> [Assignment] Repeat the records verbatim and leave the pictures out of your copy.

Source records:

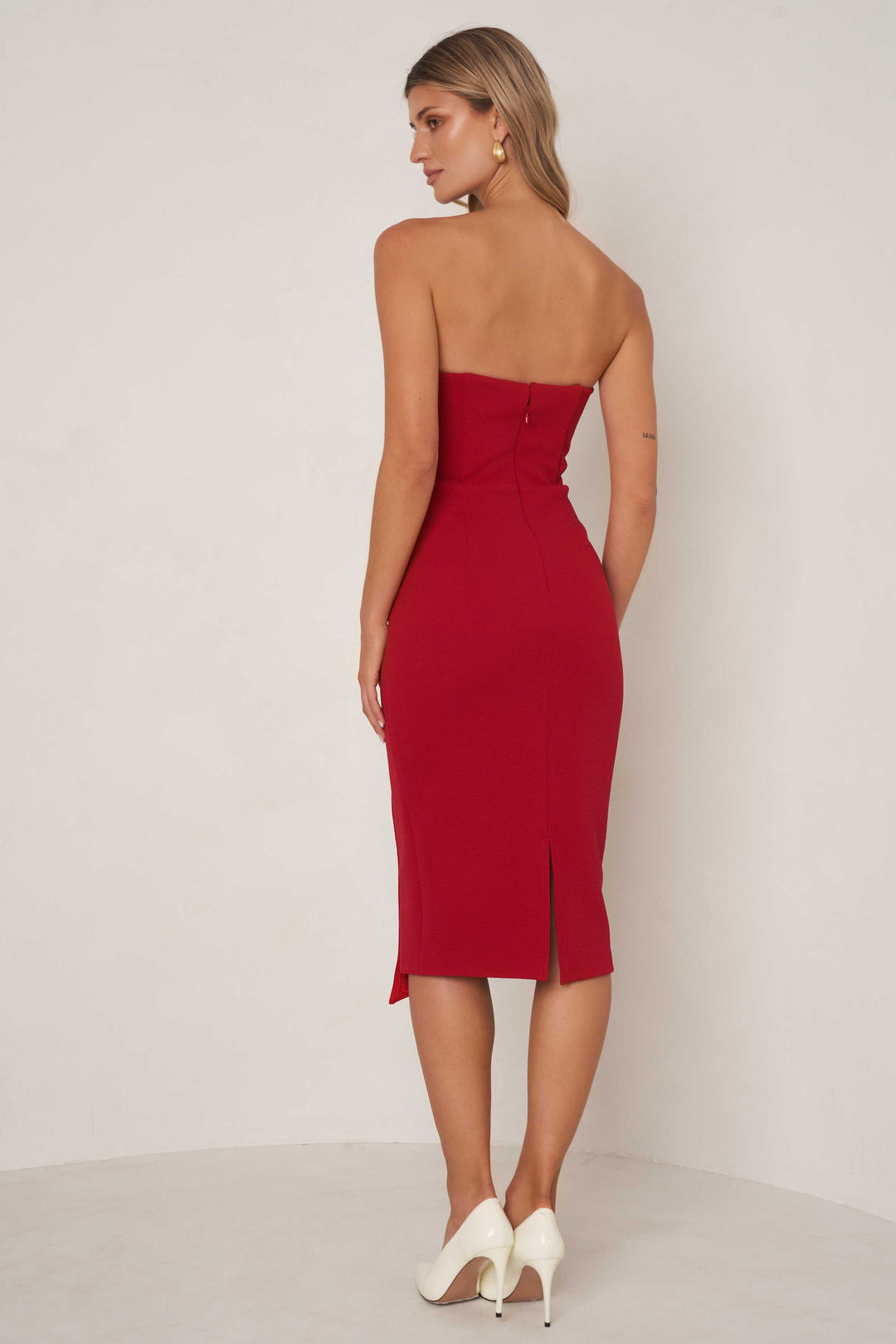 The Sara midi dress is crafted using our signature, figure hugging fabrication. this dress has a strapless asymmetrical neckline, accompanied by a faux button design creating a sleek and sexy silhouette. Also available in White.
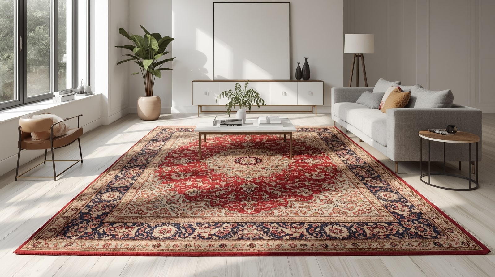 A red Persian rug can be surprisingly versatile when it comes to color coordination. The secret lies in understanding how different red tones interact with your modern palette. Deep burgundy or wine-red rugs work beautifully with cool neutrals like gray, white, and black—creating a sophisticated, gallery-like feel. Meanwhile, brighter reds or those with orange undertones bring warmth and energy, ideal for pairing with beige, cream, or even muted pastels.
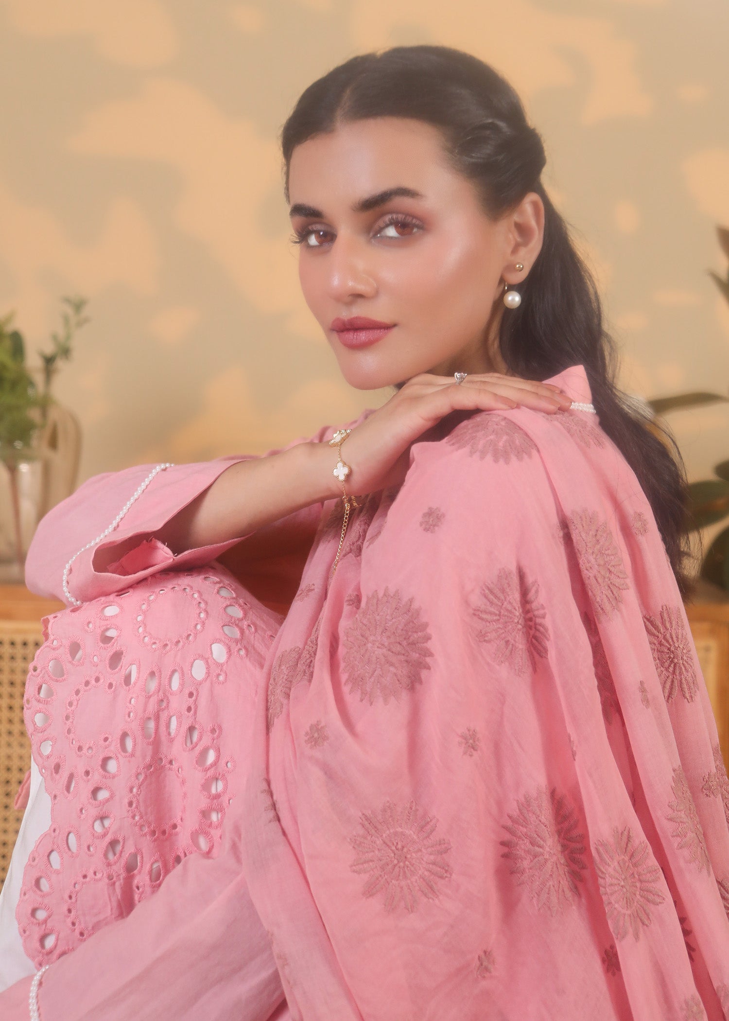 Color: Blush pink (top and dupatta), White (pants)
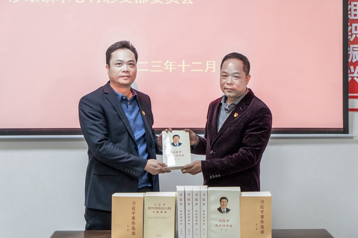 隨后,肖炳璋一行來到沙瑯鎮(zhèn)水心村進行實地調(diào)研。鎮(zhèn)委副書記賴水寅表示,在茂名港集團的極力幫扶下,水心村的黨員干部發(fā)揮帶頭作用,全村上下一心,在產(chǎn)業(yè)興農(nóng)的項目上取得巨大的成效。肖炳璋表示,集團高度重視沙瑯鎮(zhèn)的幫扶項目,并對鎮(zhèn)領導、駐鎮(zhèn)工作隊成員所取得的工作成效表示祝賀,茂名港集團將繼續(xù)予以大力支持,也希望駐鎮(zhèn)干部把鄉(xiāng)村振興工作做好做細。同時,為了讓水心村精神文化水平能與項目建設同步高質(zhì)量發(fā)展,座談會結束后在黨建活動室舉行贈書儀式。
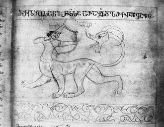 Keywords: Sagittarius (Georgian MSS, 1188).jpg en Sagittarius from a 12th-century Georgian manuscript ამირა აშვილი შ ქართული ხელ ვ ების ისტ რია Tbilisi 1971 anonymous 1188 PD-old-100 Sagittarius astrology Astronomical Treaty
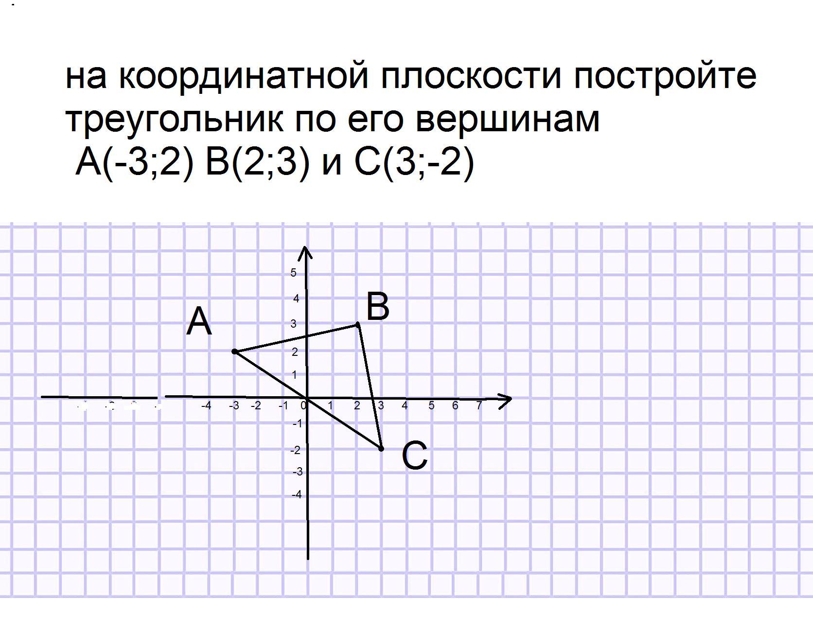 на координатной плоскости постройте треугольник по его вершинам А -3, 2 B 2, 3 и C3, -2
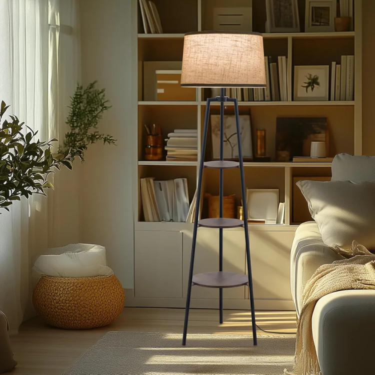 آباژور ایستاده مدرن سهطبقه فلزی با کلاهک پارچهای
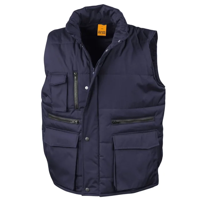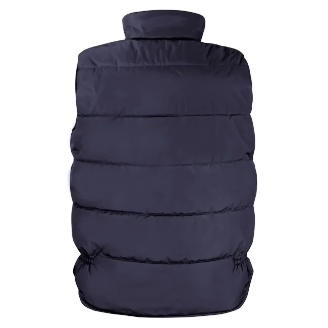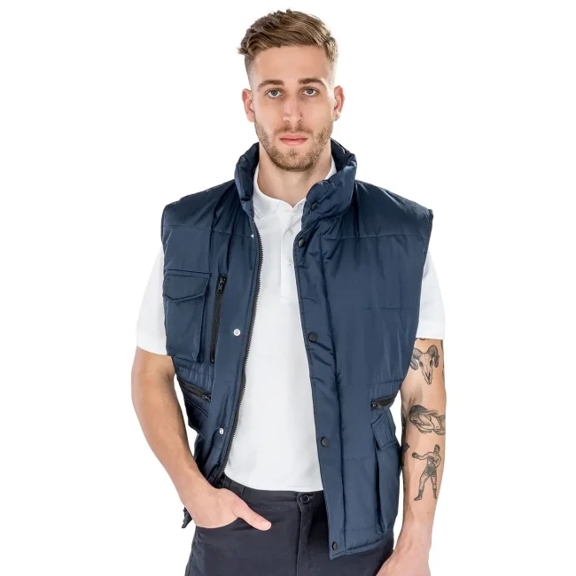 Esterno: 100% poliestere antigraffio con rivestimento in PVC, parte interna: 100% poliestere. Giacca smanicata antivento e resistente all''acqua, doppie cuciture, zip frontale nascosta, 2 tasche frontali, triplo accesso, una tasca pettorale, tasca esterna per cellulare, una tasca interna, ampio giromanica con chiusura elasticizzata, parte posteriore leggermente più lunga.
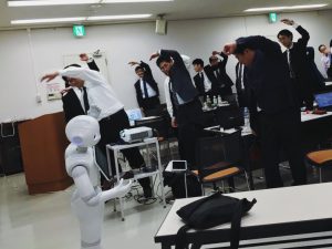 システムズナカシマの朝の様子。Pepperくんのかけ声でラジオ体操をしています。
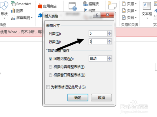 也可以选择插入表格,然后填上本身需要的几行几列的数字,好比5*5的表格,点击确定即可。
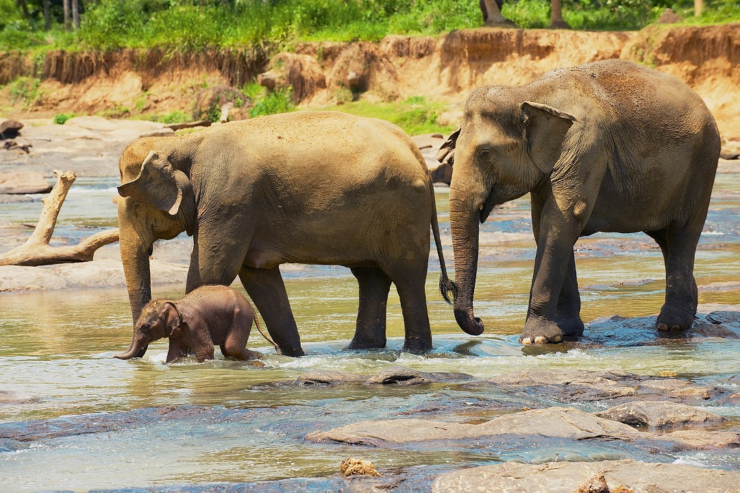 Каких только животных и птиц не встретишь в этих краях. Вот из воды появляются полумесяцы-рога азиатских буйволов. Вот семейство слонов учит своих малышей плавать. Здешняя популяция этих исполинов насчитывает пять тысяч особей.
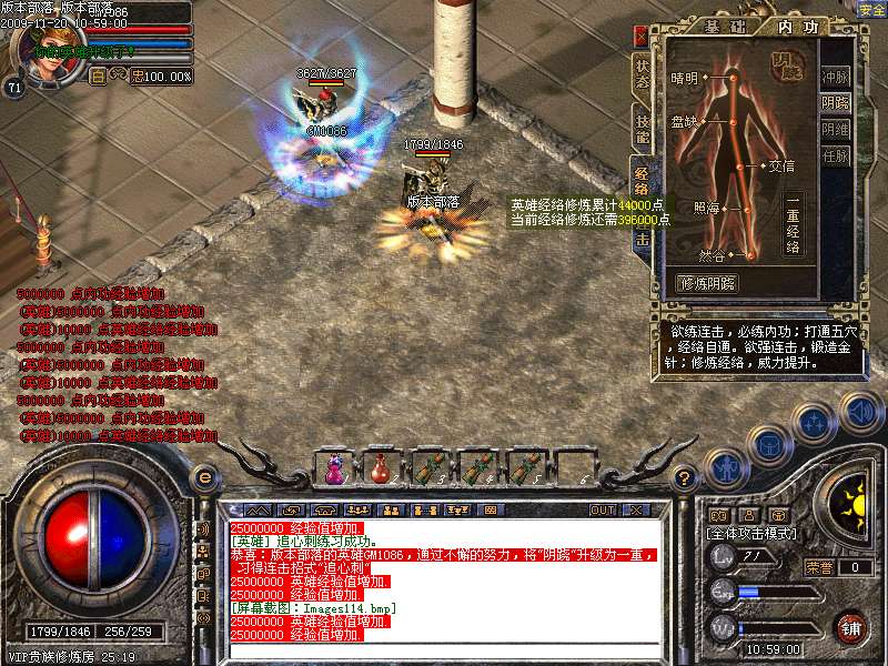 修炼英雄经络经验可以在土城【闭关修炼】进入[经验内功英雄经络三修房间]使用元宝修炼英雄经络经验
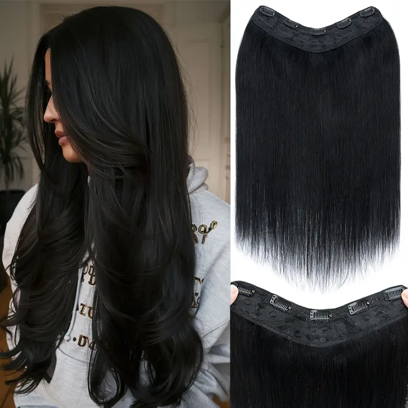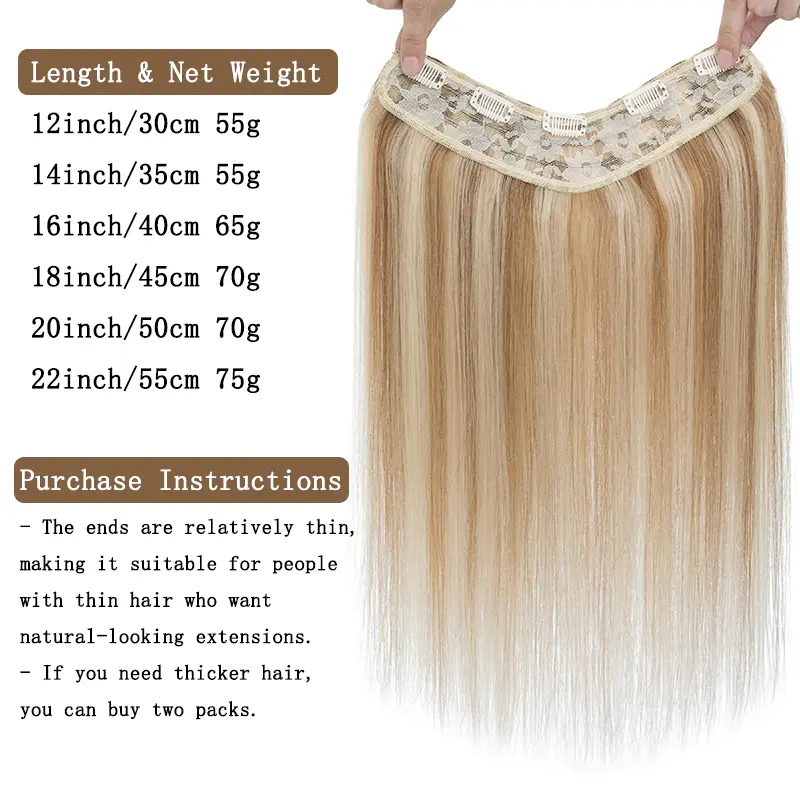 Remy Human Hair Extensions Clip In Hair Extensions V Shape 12 Inch-22 Inch Long Straight Invisible Hairpiece for Women Adding Hair Volume
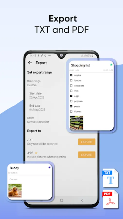 ✔️ Supports exporting notes and checklists as TXT or PDF
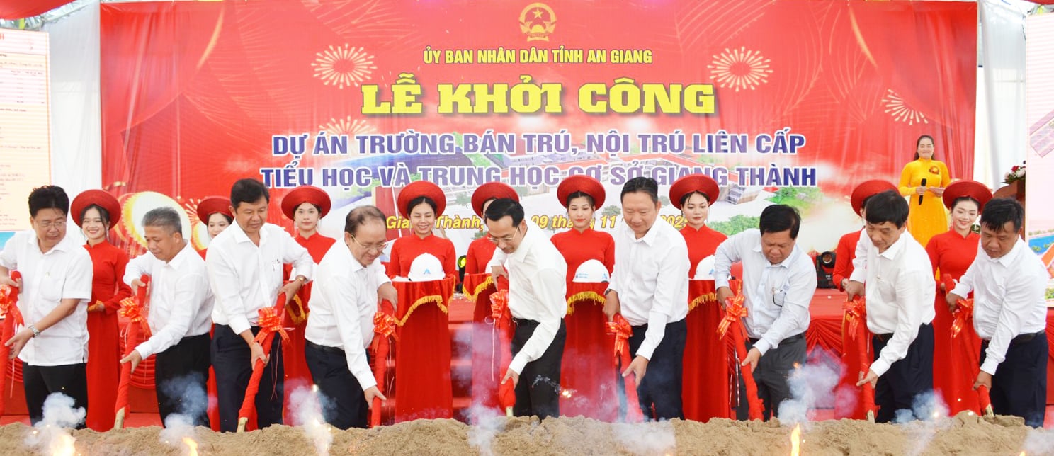 I Giong Ke-byn i Giang Thanh-kommunen deltog kamrat Nguyen Thanh Nhan, ständig biträdande sekreterare i den provinsiella partikommittén, ordförande för folkrådet i An Giang-provinsen, och kamrat Nguyen Thanh Phong, medlem av den provinsiella partikommitténs ständiga kommitté och ständig vice ordförande i folkkommittén i An Giang-provinsen, i den första spadtagen för Giang Thanhs internatskola.
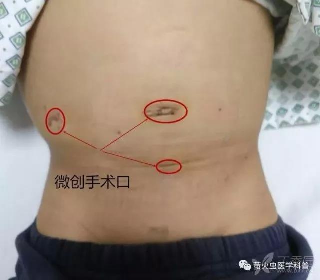幸运的是,经过 2 小时的努力,我们微创切下阑尾,只留下 2 个 10 mm 切口和 1 个 5 mm 切口。
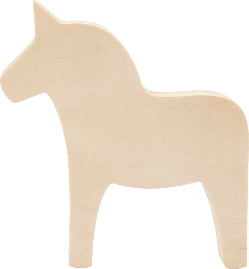 Ett kreativt pyssel. Häst i ljust trä och design inspirerad av den svenska dalahästen. Färglägg en egen designad Dalahäst eller en fantasi häst. Använd täckande färg, dekorativa märkpenor, klistra på pärlor, garn mm.
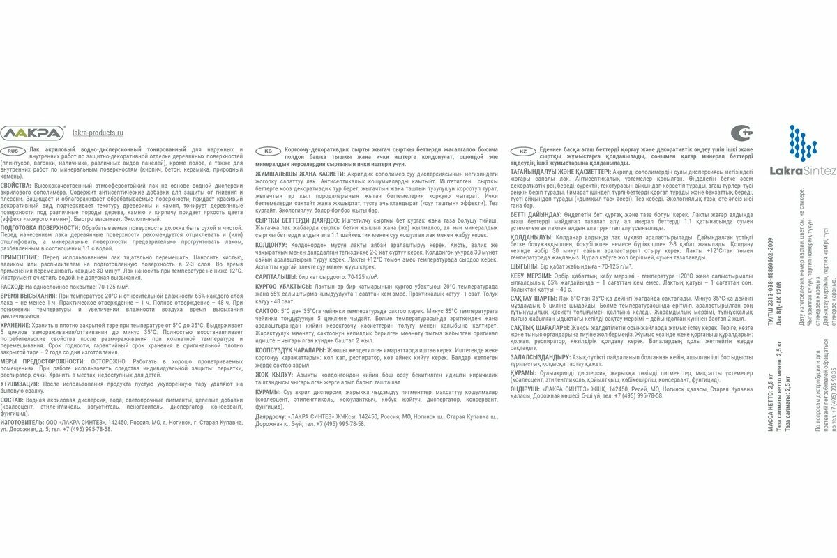 Лак акриловый лакра 2,5кг орегон, арт.лт-орегон2,5
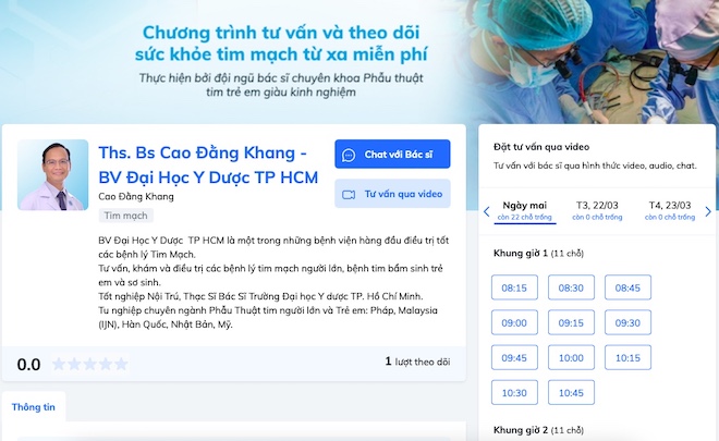 Khoa Phẫu thuật tim trẻ em - Bệnh viện Đại Học Y dược TP.HCM vừa giới thiệu chương trình tư vấn sức khỏe về tim ở trẻ em. Để hẹn lịch bác sĩ tư vấn trực tuyến, bệnh nhân chỉ cần vào đường dẫn https://suckhoe.edoctor.io/suckhoetimmach > chọn “Đặt hẹn ngay” với bác sĩ đang có lịch trống phù hợp với thời gian của mình, rồi đợi bác sĩ liên hệ lại.
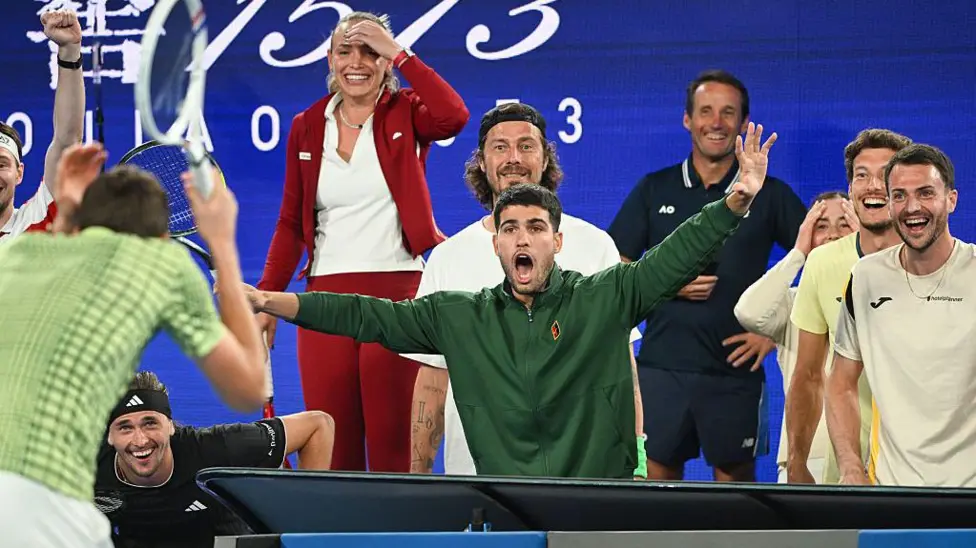 Many of the beaten players, including men’s number one Carlos Alcaraz, remained at Rod Laver Arena and gathered around televisions to watch the conclusion between the two unlikely finalists.

> [Answer for this exercise]
 The Sara midi dress is crafted using our signature, figure hugging fabrication. this dress has a strapless asymmetrical neckline, accompanied by a faux button design creating a sleek and sexy silhouette. Also available in White.
 A red Persian rug can be surprisingly versatile when it comes to color coordination. The secret lies in understanding how different red tones interact with your modern palette. Deep burgundy or wine-red rugs work beautifully with cool neutrals like gray, white, and black—creating a sophisticated, gallery-like feel. Meanwhile, brighter reds or those with orange undertones bring warmth and energy, ideal for pairing with beige, cream, or even muted pastels.
 Color: Blush pink (top and dupatta), White (pants)
 隨后,肖炳璋一行來到沙瑯鎮(zhèn)水心村進行實地調(diào)研。鎮(zhèn)委副書記賴水寅表示,在茂名港集團的極力幫扶下,水心村的黨員干部發(fā)揮帶頭作用,全村上下一心,在產(chǎn)業(yè)興農(nóng)的項目上取得巨大的成效。肖炳璋表示,集團高度重視沙瑯鎮(zhèn)的幫扶項目,并對鎮(zhèn)領導、駐鎮(zhèn)工作隊成員所取得的工作成效表示祝賀,茂名港集團將繼續(xù)予以大力支持,也希望駐鎮(zhèn)干部把鄉(xiāng)村振興工作做好做細。同時,為了讓水心村精神文化水平能與項目建設同步高質(zhì)量發(fā)展,座談會結束后在黨建活動室舉行贈書儀式。
 Keywords: Sagittarius (Georgian MSS, 1188).jpg en Sagittarius from a 12th-century Georgian manuscript ამირა აშვილი შ ქართული ხელ ვ ების ისტ რია Tbilisi 1971 anonymous 1188 PD-old-100 Sagittarius astrology Astronomical Treaty
 на координатной плоскости постройте треугольник по его вершинам А -3, 2 B 2, 3 и C3, -2
 آباژور ایستاده مدرن سهطبقه فلزی با کلاهک پارچهای
 Esterno: 100% poliestere antigraffio con rivestimento in PVC, parte interna: 100% poliestere. Giacca smanicata antivento e resistente all''acqua, doppie cuciture, zip frontale nascosta, 2 tasche frontali, triplo accesso, una tasca pettorale, tasca esterna per cellulare, una tasca interna, ampio giromanica con chiusura elasticizzata, parte posteriore leggermente più lunga.
 システムズナカシマの朝の様子。Pepperくんのかけ声でラジオ体操をしています。
 也可以选择插入表格,然后填上本身需要的几行几列的数字,好比5*5的表格,点击确定即可。
 Каких только животных и птиц не встретишь в этих краях. Вот из воды появляются полумесяцы-рога азиатских буйволов. Вот семейство слонов учит своих малышей плавать. Здешняя популяция этих исполинов насчитывает пять тысяч особей.
 修炼英雄经络经验可以在土城【闭关修炼】进入[经验内功英雄经络三修房间]使用元宝修炼英雄经络经验
 Remy Human Hair Extensions Clip In Hair Extensions V Shape 12 Inch-22 Inch Long Straight Invisible Hairpiece for Women Adding Hair Volume
 ✔️ Supports exporting notes and checklists as TXT or PDF
 I Giong Ke-byn i Giang Thanh-kommunen deltog kamrat Nguyen Thanh Nhan, ständig biträdande sekreterare i den provinsiella partikommittén, ordförande för folkrådet i An Giang-provinsen, och kamrat Nguyen Thanh Phong, medlem av den provinsiella partikommitténs ständiga kommitté och ständig vice ordförande i folkkommittén i An Giang-provinsen, i den första spadtagen för Giang Thanhs internatskola.
幸运的是,经过 2 小时的努力,我们微创切下阑尾,只留下 2 个 10 mm 切口和 1 个 5 mm 切口。
 Ett kreativt pyssel. Häst i ljust trä och design inspirerad av den svenska dalahästen. Färglägg en egen designad Dalahäst eller en fantasi häst. Använd täckande färg, dekorativa märkpenor, klistra på pärlor, garn mm.
 Лак акриловый лакра 2,5кг орегон, арт.лт-орегон2,5
 Khoa Phẫu thuật tim trẻ em - Bệnh viện Đại Học Y dược TP.HCM vừa giới thiệu chương trình tư vấn sức khỏe về tim ở trẻ em. Để hẹn lịch bác sĩ tư vấn trực tuyến, bệnh nhân chỉ cần vào đường dẫn https://suckhoe.edoctor.io/suckhoetimmach > chọn “Đặt hẹn ngay” với bác sĩ đang có lịch trống phù hợp với thời gian của mình, rồi đợi bác sĩ liên hệ lại.
 Many of the beaten players, including men’s number one Carlos Alcaraz, remained at Rod Laver Arena and gathered around televisions to watch the conclusion between the two unlikely finalists.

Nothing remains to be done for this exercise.